Эммануэль - Арсан Эммануэль. Страница 25

Этот рассказ, что и говорить, произвел на Эммануэль впечатление. Но сомнения все еще не покинули ее.

– Однако, Марио, такая мораль не может сразу овладеть обществом. У этих людей она существует веками. Это должно быть врожденным чувством. Напомню вам, вы только что уподобили дар эротизма дару поэзии. Но нельзя же стать поэтом, лишь захотев писать стихи. Таланту нельзя научиться, это дар, поэтом рождаются. И если ты бездарен, у тебя ничего не получится.

– Еще одна общая иллюзия! Надо ли вам повторять, что нет другой поэзии в природе, чем та, какую создал в ней человек. Нет другой гармонии, другой красоты. И человек постигает эту гармонию, обнаруживает свой гений, как правило, уже в зрелом возрасте. Пример мурья ясно показывает нам, что этого можно достичь совсем юным. Не родятся поэтом. Не родятся никем.
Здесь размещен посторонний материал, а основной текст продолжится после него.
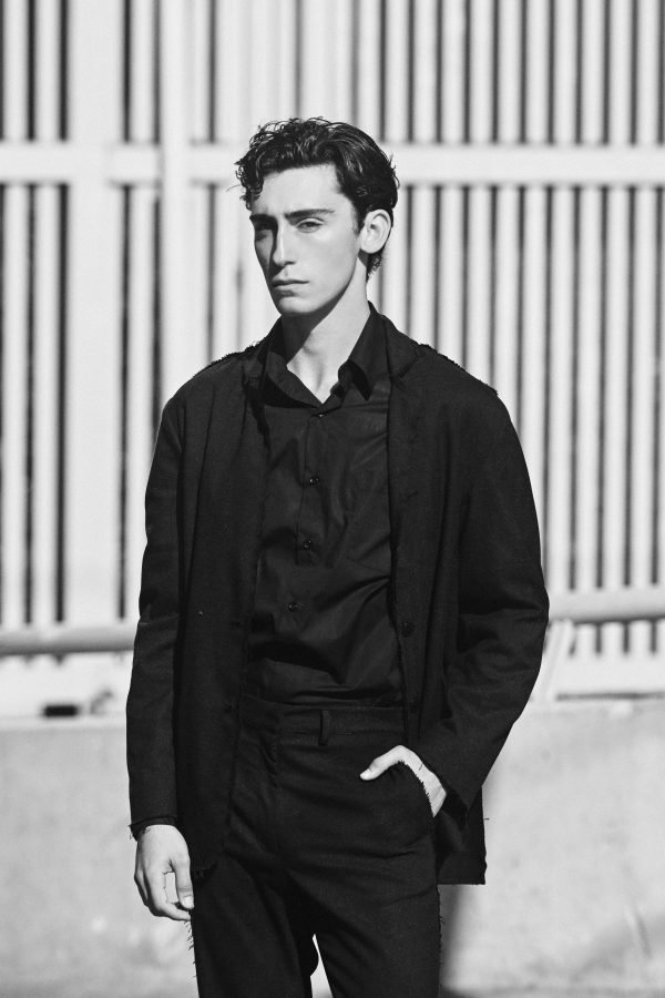Ανδρικό παντελόνι, από βισκόζη και βαμβάκι μαύρο

Всем надо становиться. Мы можем стать людьми, превратиться в человека, явиться в мир в новом одеянии. Так является в мир после линьки рак-отшельник. И, как скорлупу, мы оставим за собой наши мифы, наше невежество. Только так можем мы родиться окончательно, двигаясь с каждым взрывом мутации все ближе к человеку. Учиться – значит учиться наслаждению. Овидий уже сказал это: «Знанью покорен Амур».
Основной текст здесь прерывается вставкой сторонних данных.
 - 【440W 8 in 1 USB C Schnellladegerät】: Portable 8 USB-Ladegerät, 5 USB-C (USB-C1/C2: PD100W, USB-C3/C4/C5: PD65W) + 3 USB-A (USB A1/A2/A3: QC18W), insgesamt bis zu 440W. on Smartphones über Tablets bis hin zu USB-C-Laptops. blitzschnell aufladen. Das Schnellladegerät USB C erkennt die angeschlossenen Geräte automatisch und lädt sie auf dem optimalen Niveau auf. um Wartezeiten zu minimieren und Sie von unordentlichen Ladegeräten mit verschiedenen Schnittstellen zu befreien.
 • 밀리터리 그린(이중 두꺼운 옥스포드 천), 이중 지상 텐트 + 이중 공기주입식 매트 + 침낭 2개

Эммануэль не читала Овидия, но кивнула головой – дальше, дальше!

– Нам ведь многому надо учиться: искусству, морали, науке, красоте, добру, истине. Время незнания кончается. К счастью, есть один прелестный ребенок – Эрос, облегчающий нам работу. Словом, достаточно размышлений, опыта и эротической проницательности, чтобы постичь и поэзию, и мораль, и ясное мироощущение – хотя все это лишь части одного – урока человека, тогда как в старой школе мы проходим только уроки вещей.

– Ваши объяснения делаются все более абстрактными, а я простая женщина, мне нужны примеры того, что я должна совершать на деле.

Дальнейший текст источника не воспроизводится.